Foraging season is in full swing, and there’s a multitude of wild plants in Wisconsin you can add to your soups, salads and sandwiches this spring and summer.
"I don’t care where you live, I don’t care if you’re in downtown Milwaukee. There’s good foraging near your house, maybe in your backyard," said Sam Thayer. Thayer is an expert in edible plants, a maple-syrup producer, a wild rice harvester, organic orchard owner and the author of several books on foraging.
"To me one thing that’s so exciting about foraging is you can have these really good foods that you can’t buy anywhere," Thayer said.
Before you get started, the number one safety tip for foraging is to not eat anything that you can’t identify, Thayer said. It’s also best to start with one plant, and add to your knowledge slowly from there.
"Most likely you already know a plant that you don’t know is edible. And that’s the easy way to go, one plant at a time. And within a short period of time, you’ll have learned six or seven, and all of a sudden the landscape starts to look different around you.

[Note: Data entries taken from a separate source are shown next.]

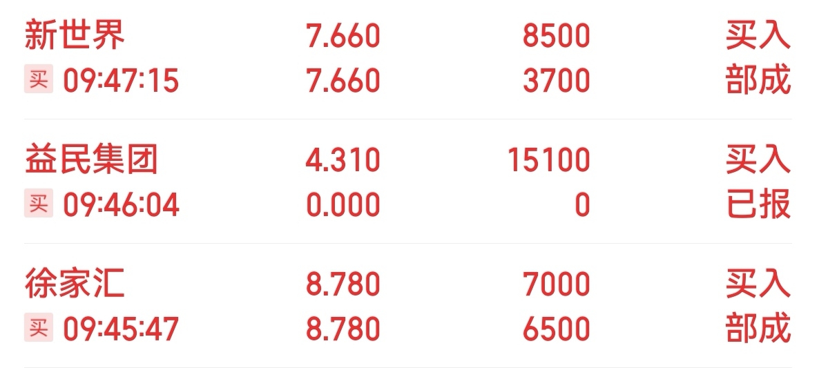 $徐家汇(SZ002561)$ $红旗连锁(SZ002697)$ $益民集团(SH600824)$ 剩下的看样子今天是买不到了,明天继续挂买单
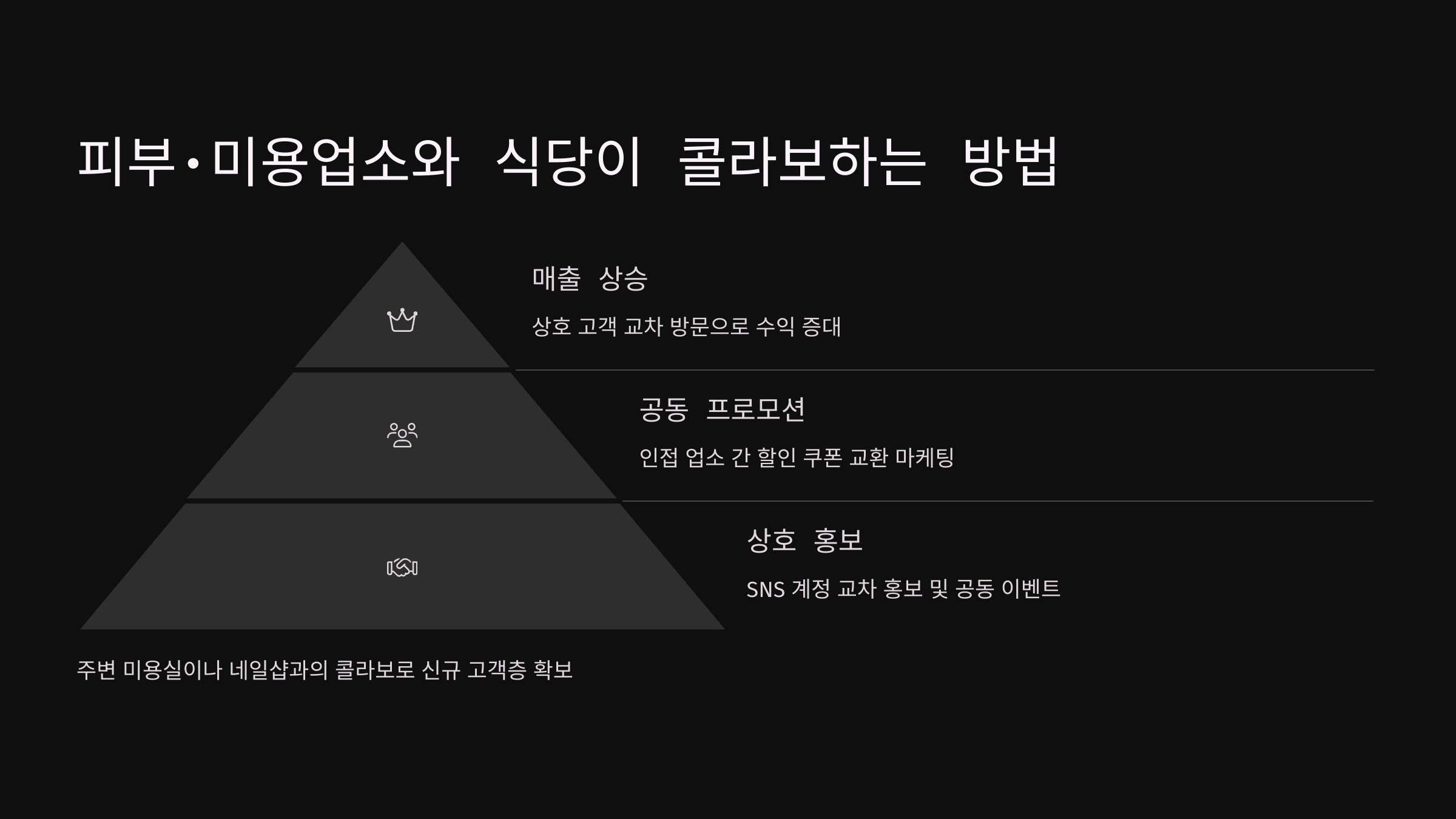 | SNS 콜라보 콘텐츠 | 식당+미용 브랜드 공동 홍보 | ✔ 가능 |
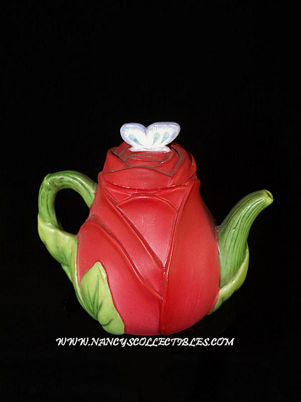 A small handpainted teapot by Avon. It is deep red in color with the lid having a blue and white butterfly for the for the top handle. The body of the teapot has the red petals of a rose and green leaves for the bottom; the handle and spout is the stem. It is in excellent condition; no chips, cracks, or repairs. It measures 3-1/2" tall, 4" wide(in- cluding the handle and spout. It is marked "Source of Fine Collectibles, Avon, 1995". Not for food use.
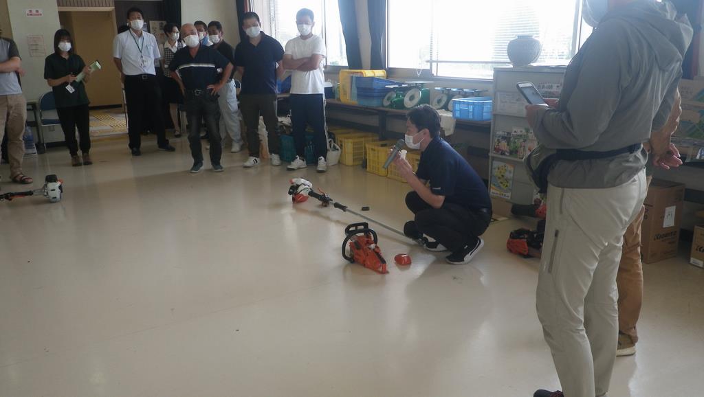 刈払機に関し燃料や刃の取り扱いについて、トラクターに関しエンジン、ブレーキなどの点検および、安全フレーム、シートベルトの装着などについて実演して頂いた。
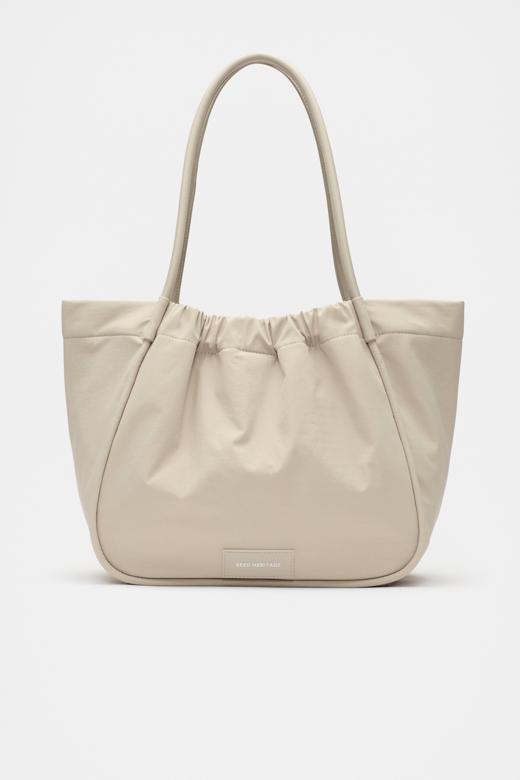 Carry everything you might need in this essential tote. In a statement shape with an open design, it features comfortable shoulder straps, a ruching detail, and a Seed Heritage logo patch. It's designed to match the essential crossbody bag and cap.
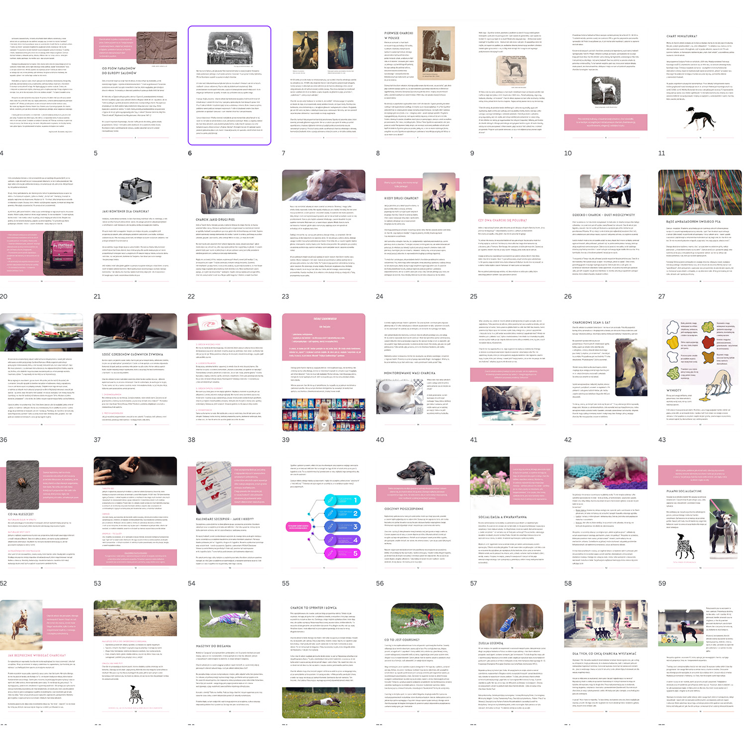 To 130 stron ilustrowanych tekstów, pełnych wskazówek, anegdot i doświadczeń, które Autorka zebrała przez długie lata życia z charcikami włoskimi. Napisana w krótkiej, zwięzłej i przystępnej formie.

It starts to look like a very complex garden, rather than just a bunch of random greenery," he said.
A really popular wild edible right now is the morel mushroom, and it's in season.
"They’ve been out for a few weeks in southern Wisconsin, and and they’re just starting to appear in northern Wisconsin," Thayer said.
Morels have a distinct spongy webbed cap. Good places to look for them include in and around dead elm trees that still have bark on their branches, old and dead apple trees, old and dead butternut trees, and white ash trees living or dead.
Thayer said to be careful of false morels, mushrooms that look similar to actual morels but aren’t edible.
"The false morel kind of has a gangly, convoluted cap, whereas the true morel is hollow. And the real morel has kind of the honeycomb-like surface with a network of ridges. The false morel is more just folds," Thayer said.
They look similar at a glance, but it’s easy to tell the difference if you actually pick them up, he said.
Other plants you can forage for in Wisconsin right now include caraway, pepperweed, leeks or ramps, and dandelion greens.
"Caraway was grown for hundreds of years as a green leafy vegetable and as a root vegetable," Thayer said. Most people only know about the seeds because they’ve been commodified. But the entire plant is edible. It grows in slightly moist soil and is more common in northern Wisconsin. Thayer cooks it in a traditional Norwegian soup or fries it up with other greens.
Pepperweed is another Wisconsin green, abundant throughout the state. It’s best to forage for it now and into the first or second week of June, Thayer said. "You find pepperweed anywhere that’s disturbed, dry and usually sandy. Every listener has seen it," he said. It’s similar to broccoli in taste, but with a slightly spicy zing, he said.
Other edible plants to look out for include violets, nettles, fiddleheads, wild asparagus, creeping bellflower and pheasant back mushrooms.
"Foraging encapsulates all the good things in life into one activity. You get exercise, you get really delicious and really nutritious food, it gets you out appreciating nature. It’s a great way for all the generations of a family to do something together outside. I can’t think of one reason not to go foraging," Thayer said.
Thayer’s new book, "Incredible Wild Edibles," comes out Nov. 1.